**Activity**
From the first line of the data down to and including the line with "Stanice je trojlodní, obklad", copy everything exactly, leaving out pictures.

**Input data**
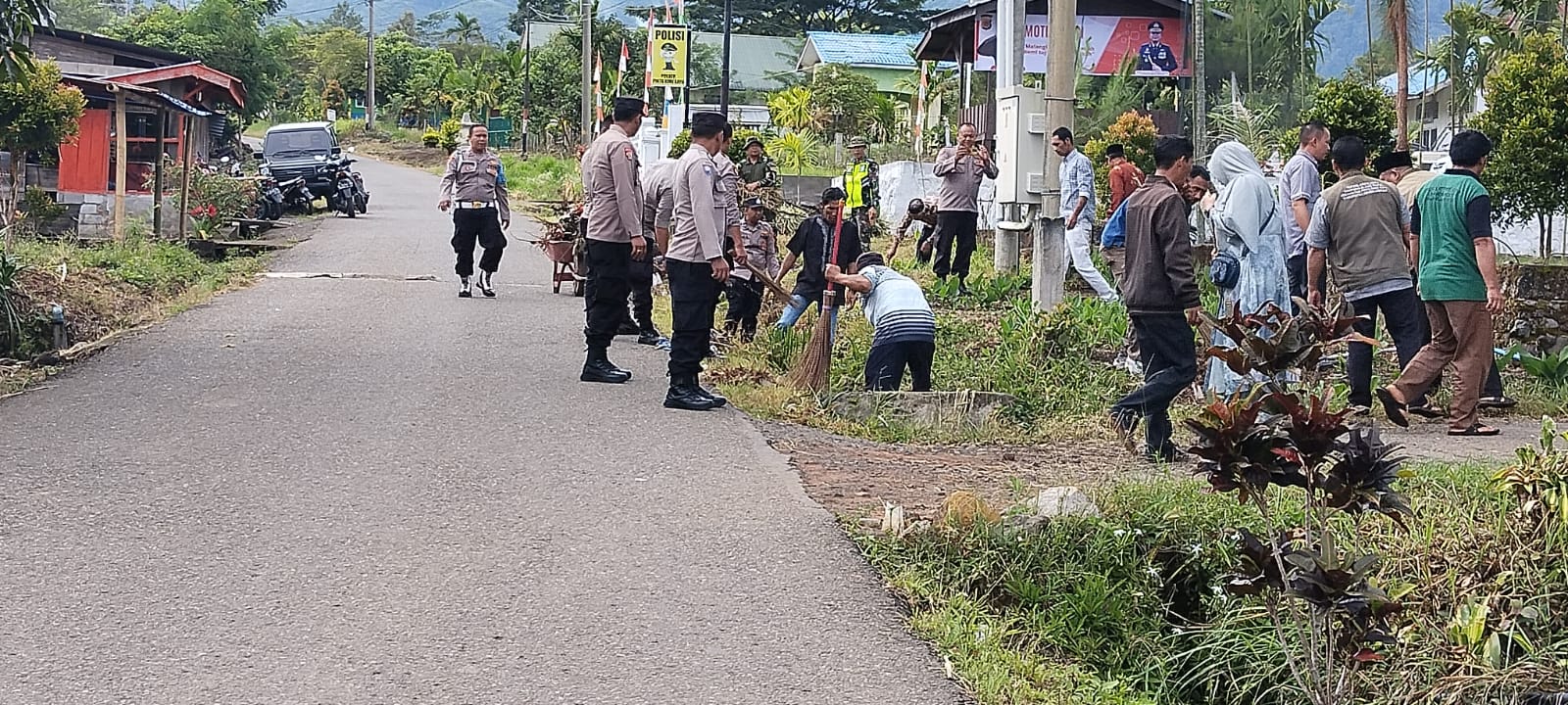 Personel Polsek Pintu Rime Gayo dan Masyarakat melaksanakan kegiatan peduli lingkungan yaitu pembersihan sampah di Kampung Blang Rakal Kecamatan Pintu Rime Gayo Kabupaten Bener Meriah, Kamis (13/7/2023)
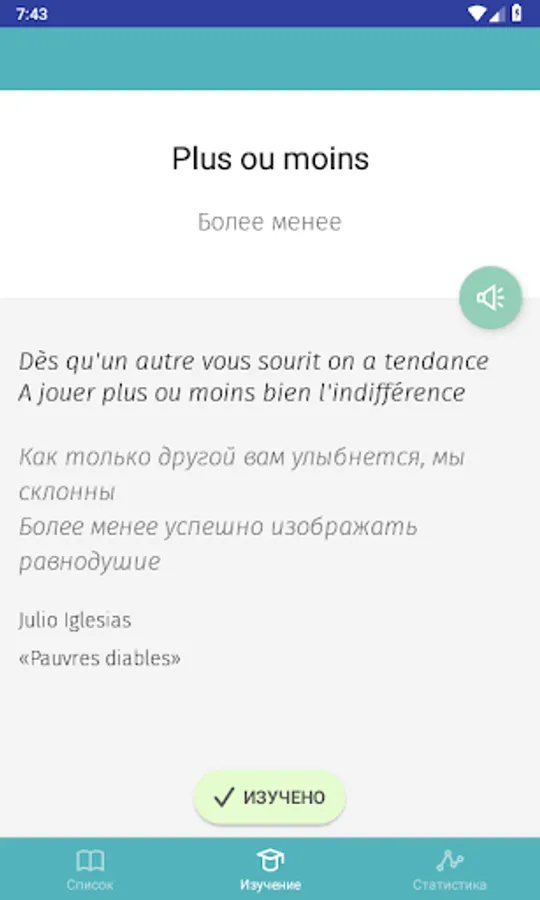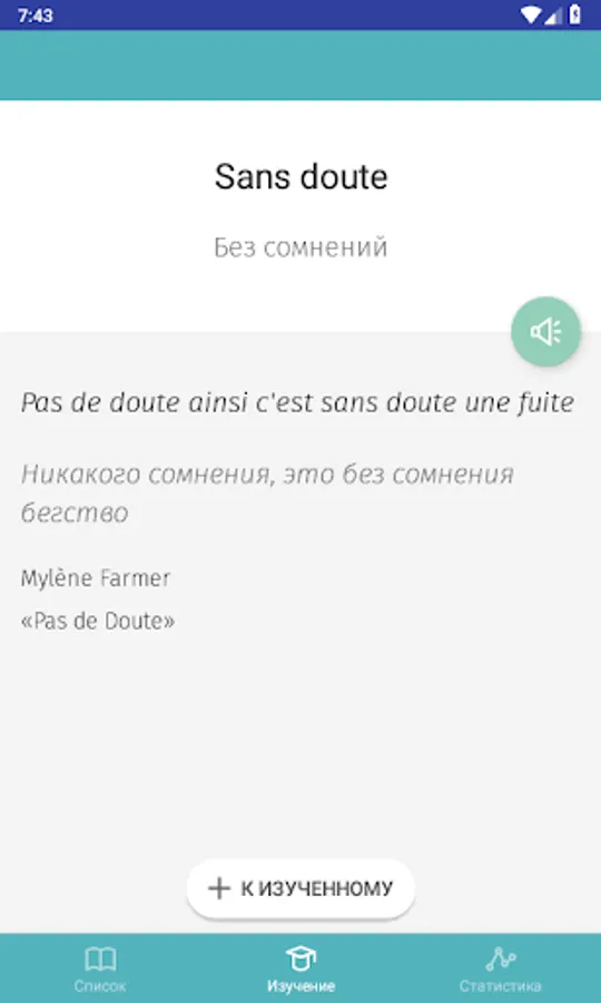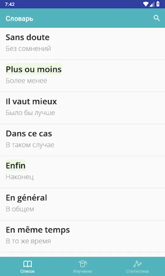 The application is a reference book of the main words-bundles, or introductory words of the French language, with examples of usage from well-known works, literary or musical. You can listen to the pronunciation. For memorization, we use the mechanism of adding words to the "Learned" section.
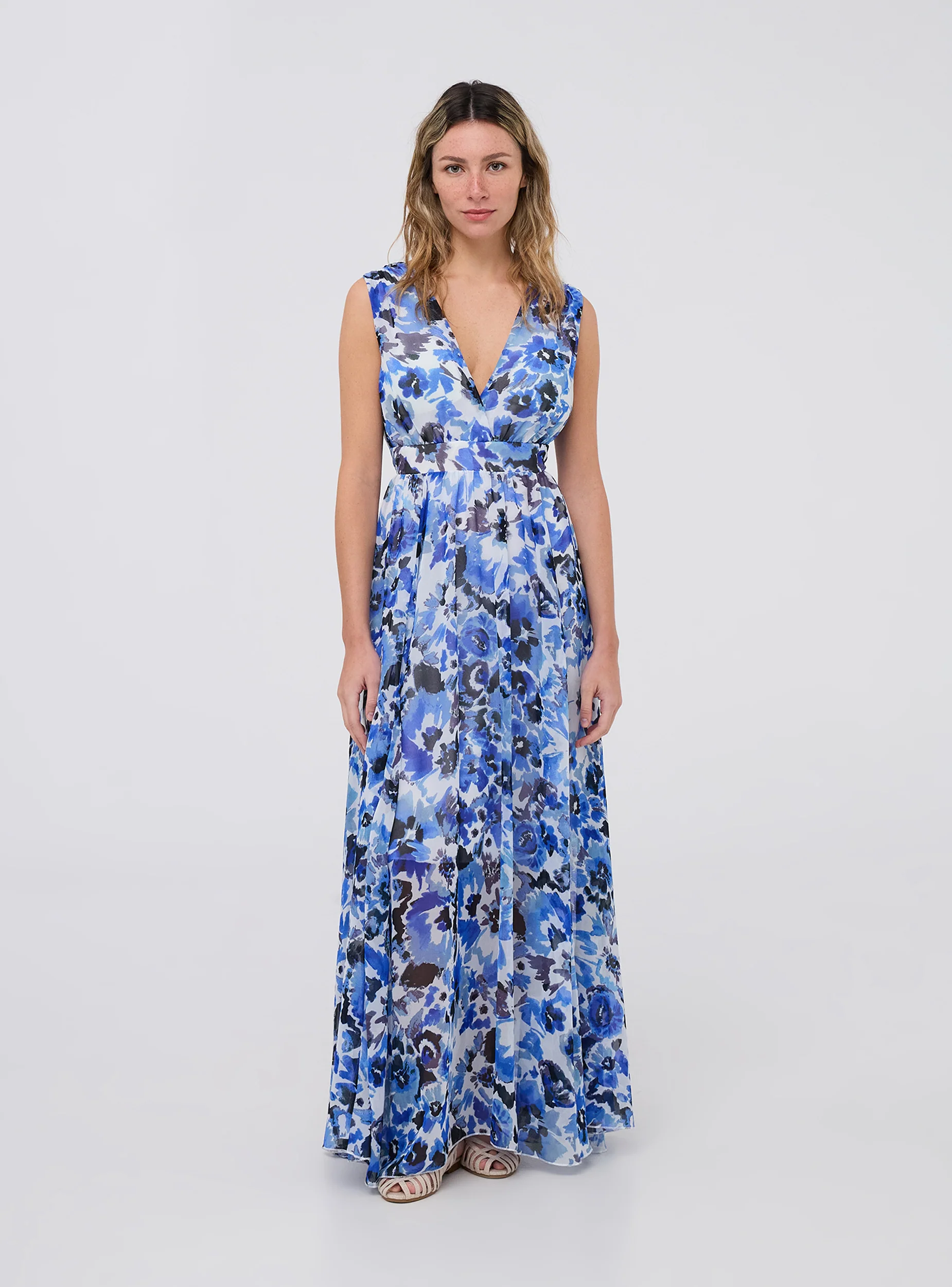 - Long women's dress with a vibrant floral pattern, designed for an elegant and sophisticated look.
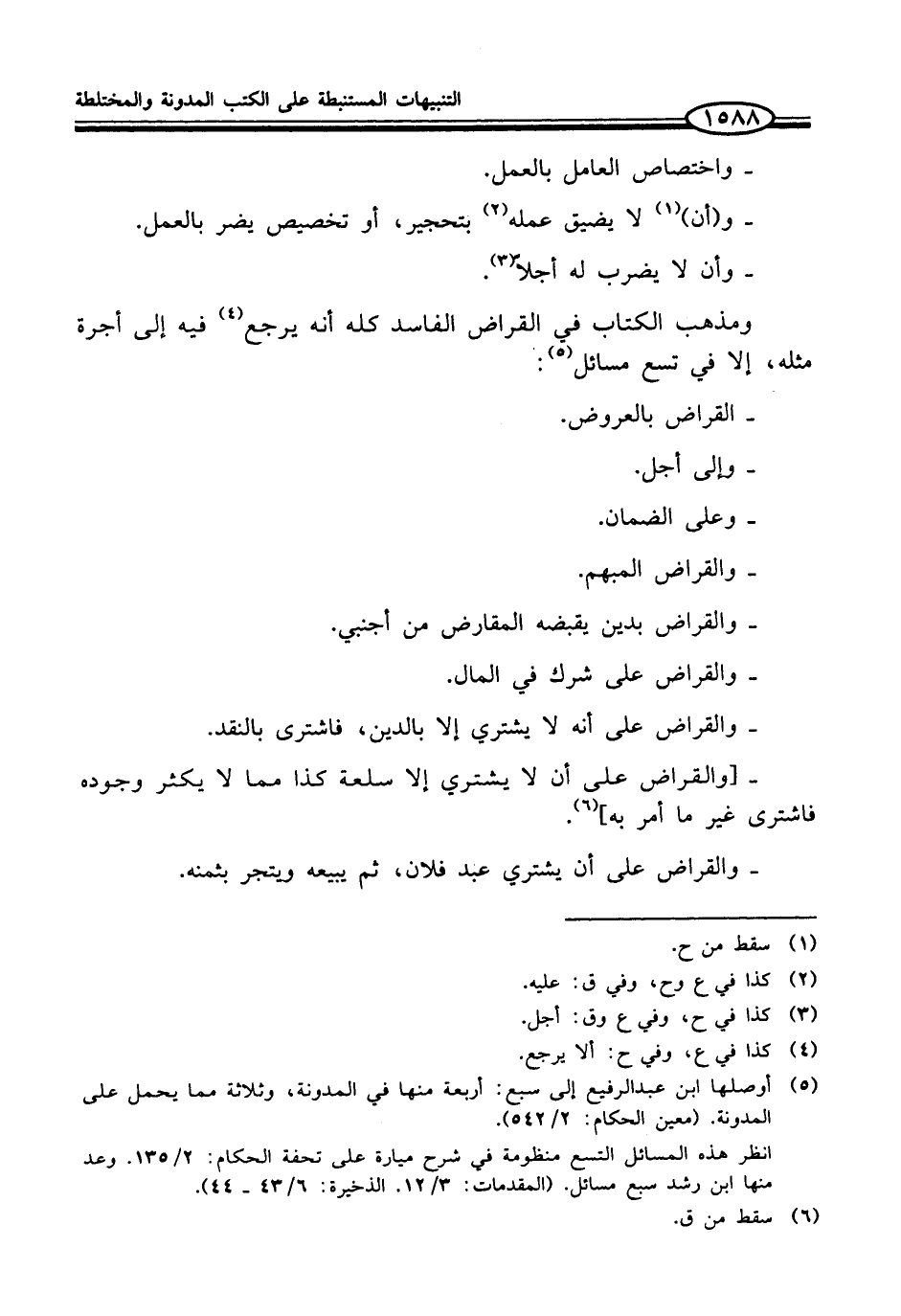 انظر هذه المسائل التسع منظومة في شرح ميارة على تحفة الحكام: 2/ 135. وعد منها ابن رشد سبع مسائل. (المقدمات: 3/ 12. الذخيرة: 6/ 43 - 44).
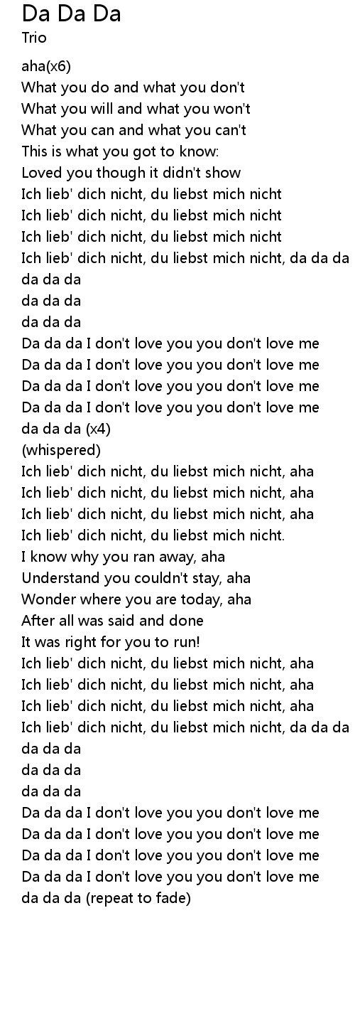 Ich lieb' dich nicht, du liebst mich nicht, da da da |
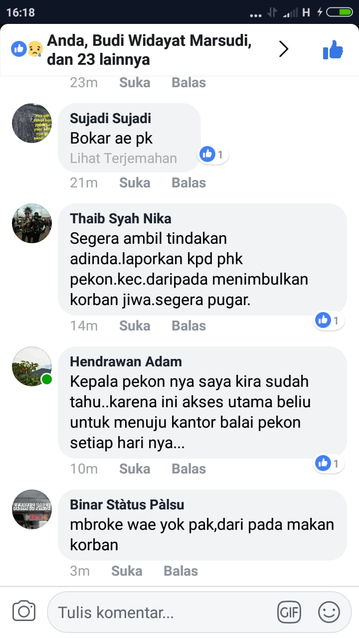 “Segera ambil tindakan adinda. Laporkan kepada pihak Pekon, Kecamatan. Dari pada menimbulkan korban jiwa, segera pugar,”tulis Thaib Syah Nika, warganet Facebook mengunggah dikolom komentar.
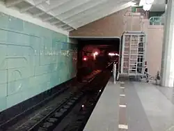 Stanice je trojlodní, obklad pilířů je z bílého a šedého mramoru a stanice je obložena zelenými kovovo-smaltovanými dlaždicemi.
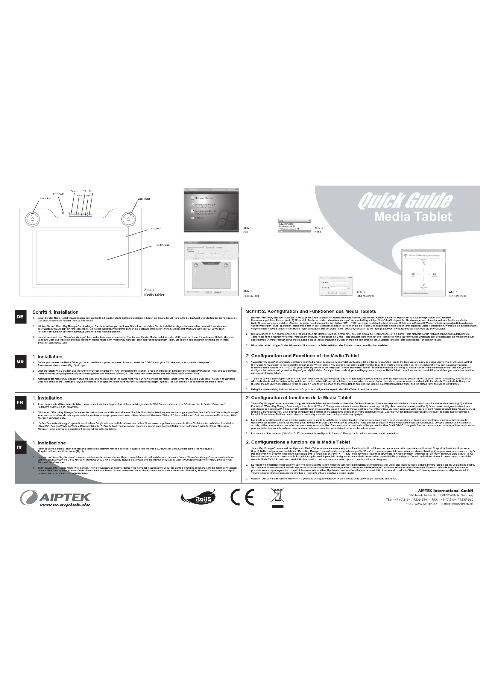 1. Avant de pouvoir utiliser la Media Tablet, vous devez installer le logiciel fourni. Pour ce faire, insérez le CD-ROM dans votre lecteur CD et exécutez le fichier "Setup.exe". La fenêtre ci-dessus (Fig. 2) s'affiche. 2. Cliquez sur "MacroKey Manager" et suivez les instructions qui s'affichent à l'écran. Une fois l'installation terminée, une coche rouge apparaît en face de l'icône "MacroKey Manager". Vous pouvez procéder de même pour installer les deux autres programmes si vous utilisez Microsoft Windows 2000 ou XP. Leur installation n'est pas recommandée si vous utilisez Microsoft Windows Vista. 3. L'icône "MacroKey Manager" apparaît ensuite dans l'angle inférieur droit de la barre des tâches. Vous pouvez à présent connecter la Media Tablet à votre ordinateur à l'aide d'un câble USB. Dès que Windows Vista a détecté la tablette, l'icône de l'outil de mouvement du stylet apparaît dans l'angle inférieur droit de l'écran, à côté de l'icône "MacroKey Manager". Vous pouvez dès maintenant personnaliser la Media Tablet.
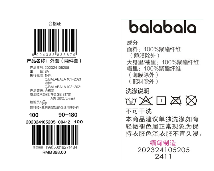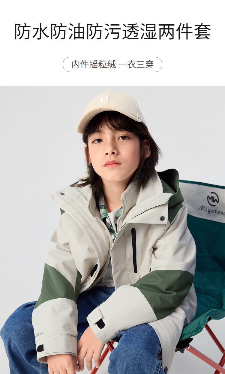 巴拉巴拉童装男童两件套外套女童春秋装防水防油防污透湿上衣拼色
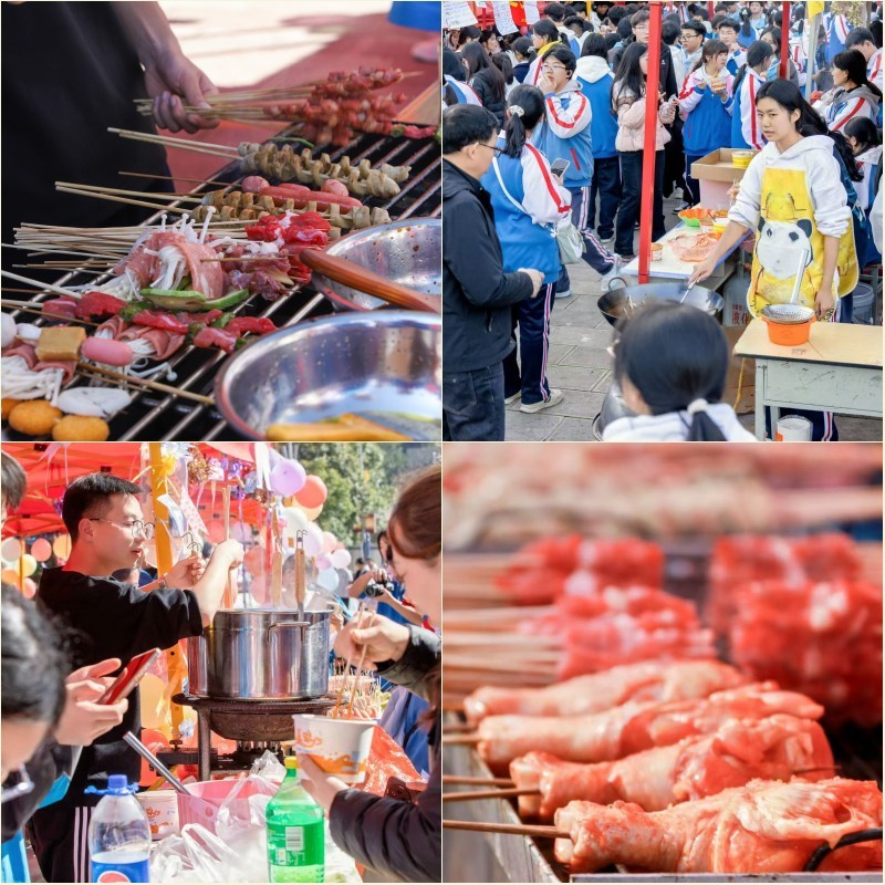 与竞技赛场的热血相伴,校园美食节同步上演“舌尖上的精彩”。各班级在指定区域精心布置摊位,饺子、烧烤、炸串、炒饭、奶茶、蛋糕等特色美食琳琅满目,创意十足的摊位海报吸引着师生驻足。从食材采购、清洗加工到现场售卖、账目核算,同学们分工协作、全程自主参与,在实践中锻炼动手能力与组织协调能力。“通过这次美食节活动,我学到了很多劳动知识,不仅增强了动手能力,还提升了团队凝聚力,真切感受到校园生活的乐趣。”高二学生向炳权的分享,道出了美食节的育人价值。烟火气十足的美食街,不仅让师生们品尝到美味佳肴,更让劳动教育落地生根,成为校园里一道温暖的风景线。
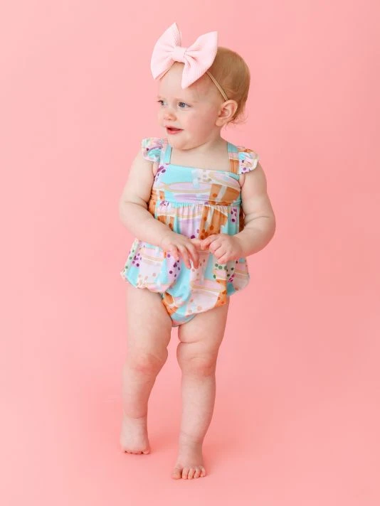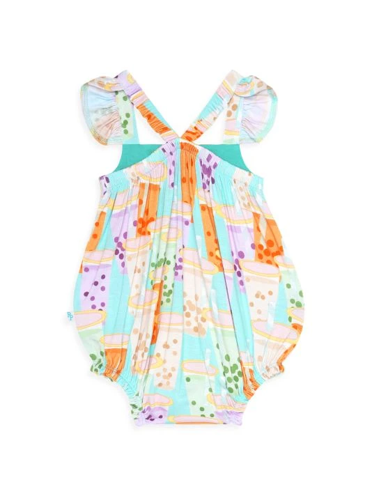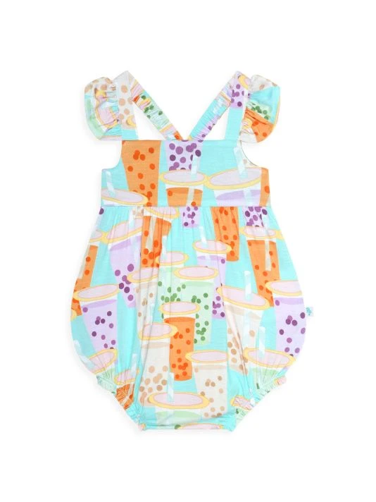 From the Boba Time Collection. Crafted of a Päpook® viscose blend, this bubble romper is styled with ruffle sleeves and a vibrant Boba Time print perfect for summertime.

**Exercise answer**
 Personel Polsek Pintu Rime Gayo dan Masyarakat melaksanakan kegiatan peduli lingkungan yaitu pembersihan sampah di Kampung Blang Rakal Kecamatan Pintu Rime Gayo Kabupaten Bener Meriah, Kamis (13/7/2023)
 The application is a reference book of the main words-bundles, or introductory words of the French language, with examples of usage from well-known works, literary or musical. You can listen to the pronunciation. For memorization, we use the mechanism of adding words to the "Learned" section.
 - Long women's dress with a vibrant floral pattern, designed for an elegant and sophisticated look.
 انظر هذه المسائل التسع منظومة في شرح ميارة على تحفة الحكام: 2/ 135. وعد منها ابن رشد سبع مسائل. (المقدمات: 3/ 12. الذخيرة: 6/ 43 - 44).
 Ich lieb' dich nicht, du liebst mich nicht, da da da |
 “Segera ambil tindakan adinda. Laporkan kepada pihak Pekon, Kecamatan. Dari pada menimbulkan korban jiwa, segera pugar,”tulis Thaib Syah Nika, warganet Facebook mengunggah dikolom komentar.
 Stanice je trojlodní, obklad pilířů je z bílého a šedého mramoru a stanice je obložena zelenými kovovo-smaltovanými dlaždicemi.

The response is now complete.